Can someone tell me why gods are so obsessed with wee-wees?

How confusing: remember the story about the convert to Judaism who was trying to compel his adolescent son to be circumcised? I was persuaded by others that the story was almost certainly an urban legend, but now it turns out that there really is a pending court case that fits the particulars. The Oregonian reports the details, but leaves out the names of those involved (the accusation that this was faked was in part based on the similarities of the names to those in a work of fiction with a similar premise; could it be that the fictional names were used because they fit the story?) In addition, they have a quote from an Oregon lawyer defending the father’s right to put his kid through unnecessary cosmetic surgery.

But Julie H. McFarlane, a supervising attorney with the Portland-based Juvenile Rights Project, said that the child’s consent for a medical procedure is not required until he turns 15.

“I think the dad has the legal right as the custodial parent to make those kind of religious or medical decisions,” McFarlane said. “It’s not much different from cosmetic surgery.”

15??? Now they tell me, after my daughter turns 16. Maybe threats to carry out random weird cosmetic operations on her would have been a useful tool for getting her to do the dishes.
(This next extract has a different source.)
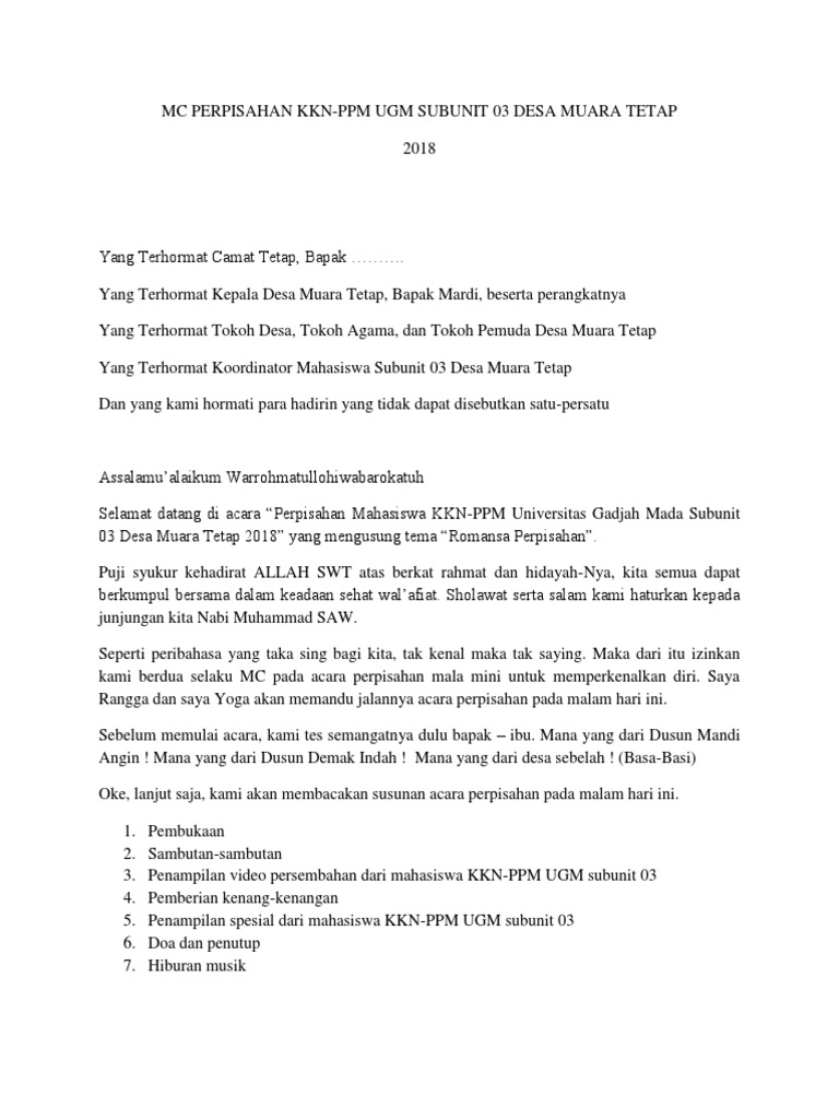 Disini kami berdua, selaku pembawa acara, perkenankanlah kami, untuk membacakan susunan acara yang akan berlangsung pada siang hari ini. Dan kata sambutan menjadi hal yang tak pernah dilewatkan dalam berbagai kesempatan. Nah dalam praktek kkn, saat baru datang dan saat selesai masa tugas kkn, mahasiswa akan disambut dan dilepas oleh pejabat setempat dan masyarakat. Salah satunya adalah acara perpisahan saat masa kkn usai. Apr 05, 2018 · yang kami hormati bapak.
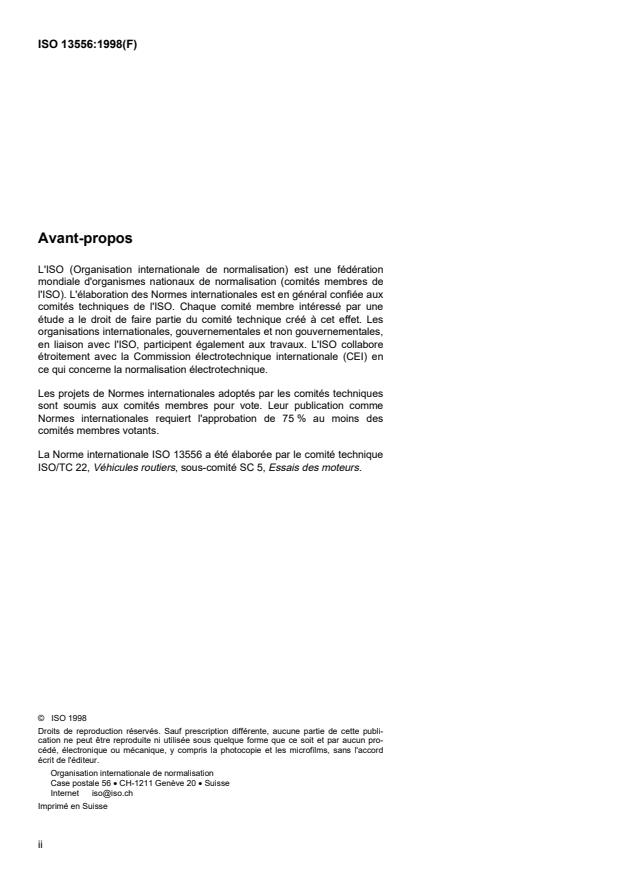 ISO 13556:1998 is a standard published by the International Organization for Standardization (ISO). Its full title is "Road vehicles - Localization of exhaust system leaks and equipment specifications". This standard covers: La présente Norme internationale prescrit une méthode pour vérifier l'étanchéité aux gaz du système d'échappement des véhicules routiers équipés d'un moteur à combustion interne. Elle est essentiellement destinée à établir une méthode de détection et de localisation des fuites des systèmes d'échappement, afin d'améliorer la qualité des mesurages des émissions de gaz d'échappement. Elle est aussi destinée à compléter les exigences de l'ISO 39291) et des réglementations applicables. Les utilisateurs de la présente Norme internationale sont avertis: a) que pour certains moteurs, et plus particulièrement pour des moteurs de huit cylindres et plus, avec un arbre à cames très croisées, les soupapes d'échappement peuvent ne pas être toutes fermées lorsque le moteur est arrêté. Cela peut conduire à l'échec de l'essai de fuite. On peut y remédier en démontant le mécanisme de commande des soupapes conformément aux instructions du constructeur du véhicule ou du moteur; b) qu'il est indispensable de vérifier les réglementations nationales relatives à la mise sous pression avant de procéder aux essais; c) que sous certaines conditions d'essai, les fuites détectées peuvent être quantifiées. La présente Norme internationale prescrit aussi les appareillages de mesure et les dispositifs nécessaires. Cette méthode est particulièrement recommandée pour : a) les garages, b) les laboratoires avant les essais d'émission, c) les stations de contrôle et de diagnostic. L'équipement de mesure peut être utilisé en fin de ligne de production par les constructeurs d'automobiles et par les fabricants de systèmes d'échappement.

Now she’s just going to roll her eyes and tell me she won’t sign the consent form, darn it.

I do wonder what has happened to the Hippocratic Oath, though. What doctor would carry out such unnecessary surgery if the child or mother were opposing it? Or is Dad just going to find some quack rabbi who will hack it off under the protection of his synagogue? That’s one easy way around ethical considerations — find someone who will use the imagined word of a god to justify violating them.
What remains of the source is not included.